Kell’s lips twitched as his eyes gleamed back at her. She had a feeling he’d be right behind her no matter what she decided.
“Kell is another case entirely,” she assured her father as she turned back to him. “But I don’t think you want to push that subject. Now, if you’ll excuse me, I have things to do.”
She nodded to her father, turned, and forced herself to walk sedately to the door. She wanted to scream. She wanted to rage at him. She wanted to rage at herself.

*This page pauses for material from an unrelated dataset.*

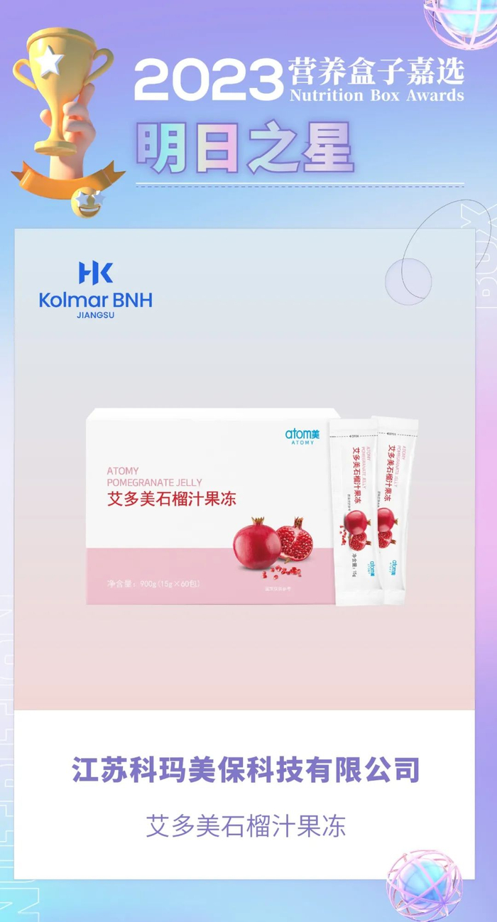 6月7日,第11届新营养大会暨营养盒子颁奖盛典盛大开幕,艾多美石榴汁果冻入围2023营养盒子嘉选新锐榜单,荣获“明日之星”大奖。

It was her own fault it had come to this, and she knew it. She should have fought him sooner. She should have stood her ground years ago and made him face the fact that she couldn’t tolerate the control he wanted to place on her. That she needed adventure. She needed excitement. She needed to live, despite his fears.
And why did she have a feeling Kell wasn’t going to be as easygoing about this whole “working with her” thing as he pretended to be? She had heard his tone of voice when he demanded the party be canceled. It was rough, deep, filled with arrogant demand.
That lazy attitude hadn’t fooled her.
He was like a panther, watching, stalking, waiting. When he struck, it would be with devastating results.
She had already made up her mind that she wasn’t running. As she spoke to her father, listened to the reluctantly given information, she had begun making her own plans. Her own decisions. It would begin today. At the moment she stood outside the office and listened to her father’s and Kell’s raised voices, she had decided she was no longer allowing others to make decisions for her.
She was an adult, and she had been making decisions for herself for years. She could do it. She knew how. And she would let both men know, in no uncertain terms, that she would begin exercising her right to do just that.